Его полуразваленные корпуса так и остались стоять к востоку от города, постепенно превращаясь в скелет титанического железобетонного динозавра. Природа же брала свое, прорастая сквозь асфальт деревьями, взбираясь мхами по остаткам стен и забрасывая семена на немногие уцелевшие крыши. Потихоньку завод стал излюбленной территорией фотографов.
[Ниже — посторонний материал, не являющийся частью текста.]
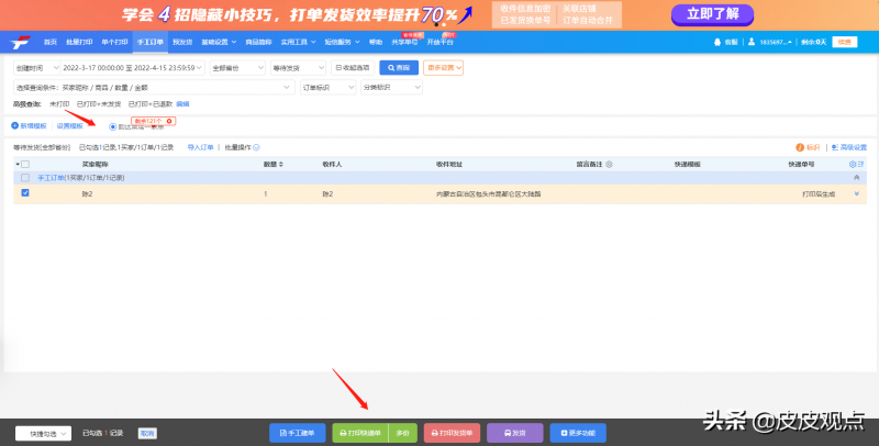 点击保存,勾选模板与订单,点击打印快递单按钮
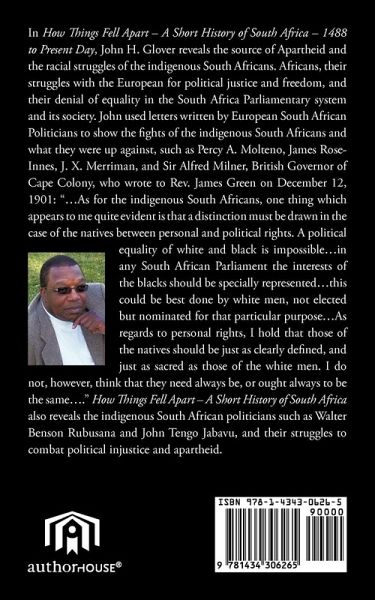 In How Things Fell Apart - A Short History of South Africa - 1488 to Present Day, John H. Glover reveals the source of Apartheid and the racial struggles of the indigenous South Africans. Africans, their struggles with the European for political justice and freedom, and their denial of equality in the South Africa Parliamentary system and its society. John used letters written by European South African Politicians to show the fights of the indigenous South Africans and what they were up against, such as Percy A. Molteno, James Rose-Innes, J. X. Merriman, and Sir Alfred Milner, British Governor of Cape Colony, who wrote to Rev. James Green on December 12, 1901: ".As for the indigenous South Africans, one thing which appears to me quite evident is that a distinction must be drawn in the case of the natives between personal and political rights. A political equality of white and black is impossible.in any South African Parliament the interests of the blacks should be specially represented.this could be best done by white men, not elected but nominated for that particular purpose.As regards to personal rights, I hold that those of the natives should be just as clearly defined, and just as sacred as those of the white men. I do not, however, think that they need always be, or ought always to be the same.." How Things Fell Apart - A Short History of South Africa also reveals the indigenous South African politicians such as Walter Benson Rubusana and John Tengo Jabavu, and their struggles to combat political injustice and apartheid.
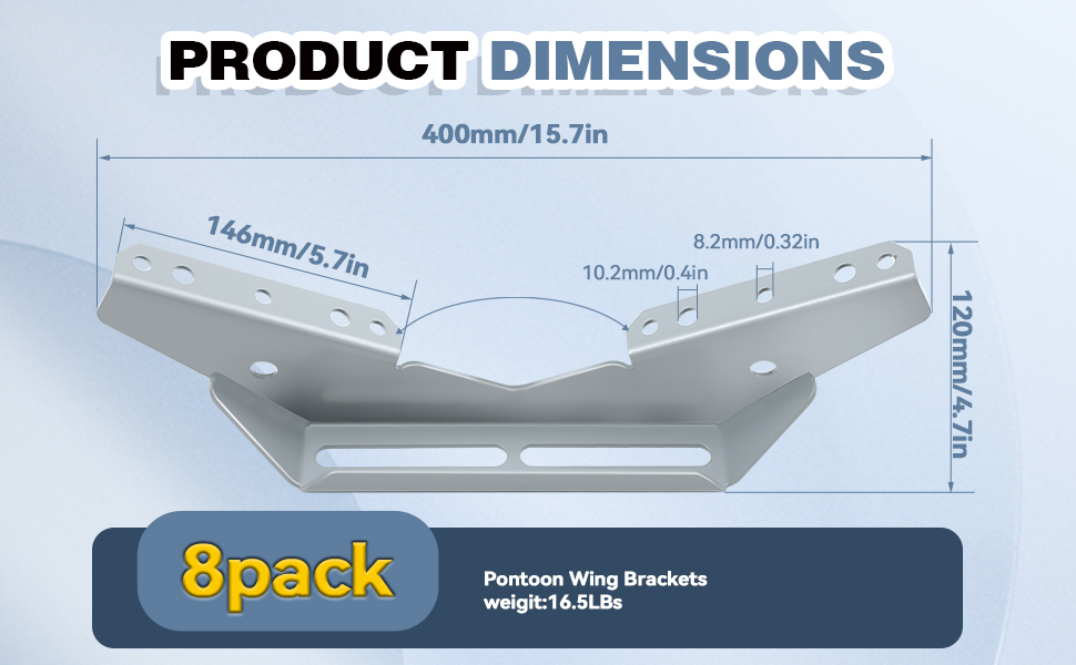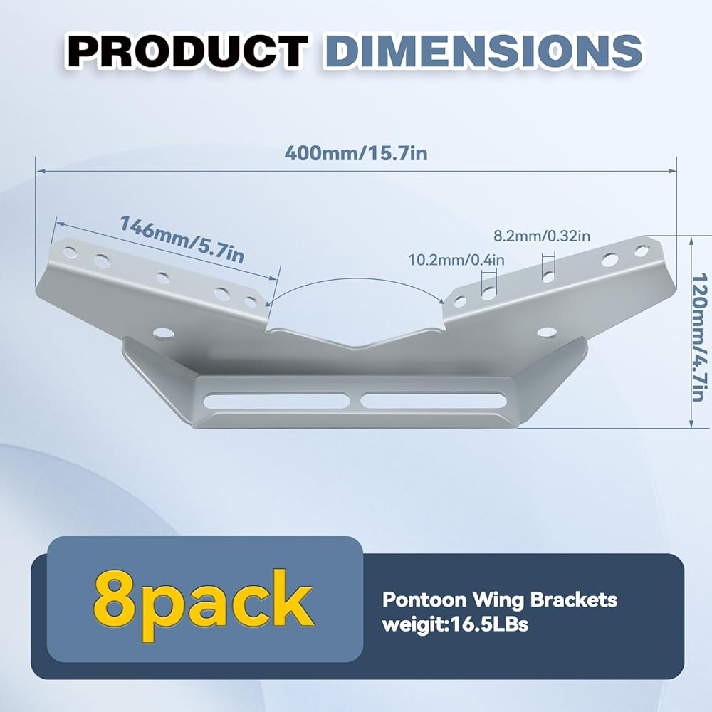 The pontoon V-wing bracket is suitable for various board widths. If you want to DIY a trailer rack, this is a good choice and can save you money. Each pack is 7.5 kg. The V-wing design can fix one board slide on each side and ensure stability and strength.
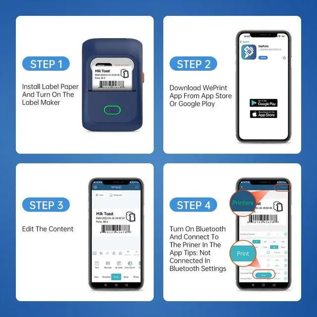 Inkless and Bluetooth Label Maker: Using direct thermal technology with a high-speed chip, it provides 203 DPI print quality. Enjoy high speed and convenient printing without relying on ink or toner. This printing solution is economical, making it ideal for home and small business use.No buttons needed, all functions can be controlled via Bluetooth connection to our "WePrint" APP
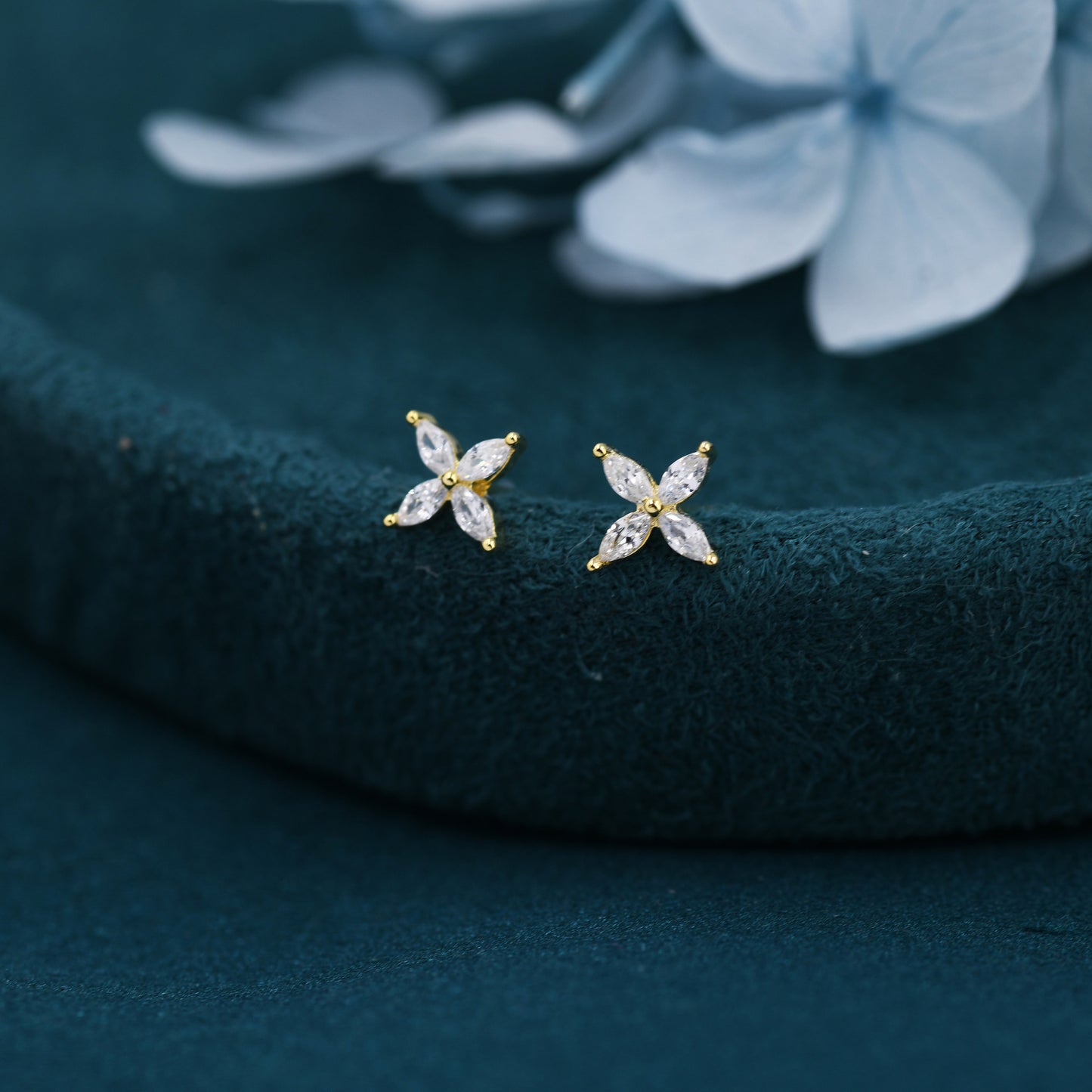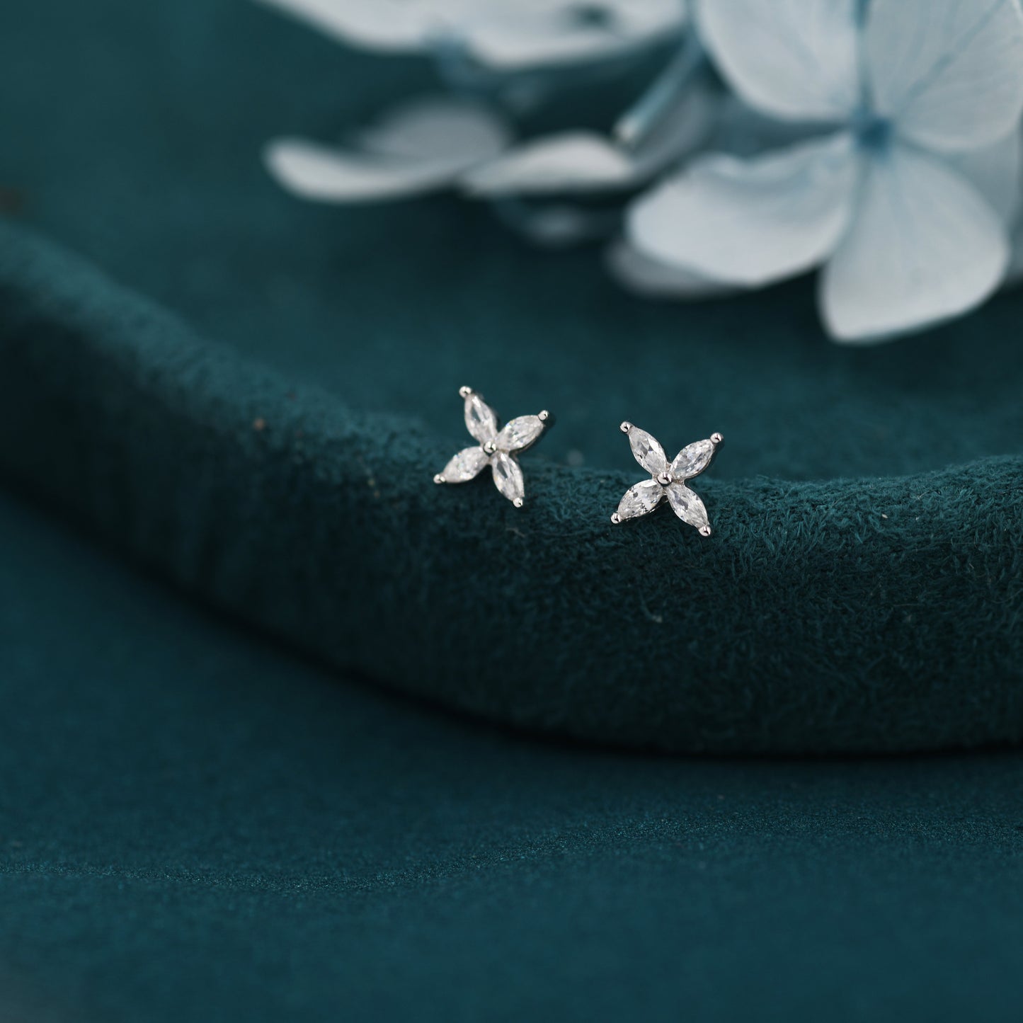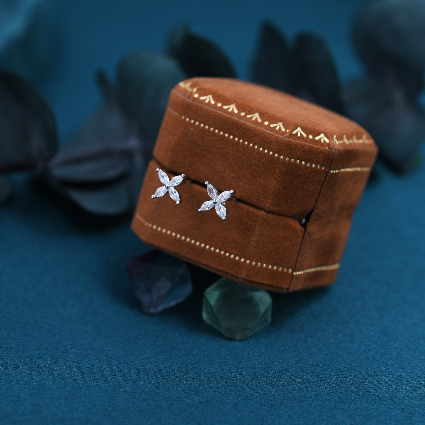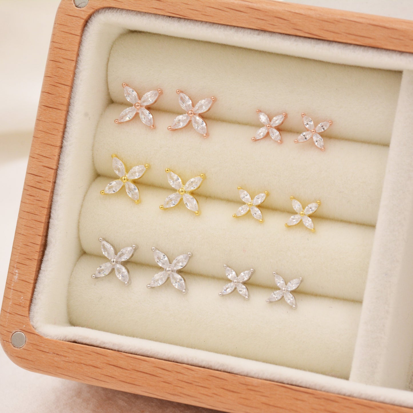 Four Marquise Flower Stud Earrings in Sterling Silver, CZ Flower Earrings, Silver, Gold or Rose Gold, Two Sizes Available

Там можно было щелкать вокруг себя с закрытыми глазами и получать восхитительные подборки на тему тлена, человеческого тщеславия, превосходства природной жизни над рукотворной смертью и всего в таком духе.
Вика тоже как-то раз устроила там себе фотосессию – тонкокожая трепетная живость на фоне брутального молоха времени. И еще, конечно, немного длинноволосой загадочности. Впрочем, Вика была не очень оригинальна, мало кто из городских девиц там не фоткался.
Дом культуры, будучи расположен близко к центру города, сразу после социализма стал торговым центром типа «рынок», потом типа «универмаг», а поднабравшись солидности и вовсе торгово-развлекательным комплексом. Часть его, включая бывший кинозал, трансформировалась в ночной клуб. Оставшихся раритетных букв от прошлой вывески как раз хватило на название «Шарик», тем более что его уже давно называли в народе именно так.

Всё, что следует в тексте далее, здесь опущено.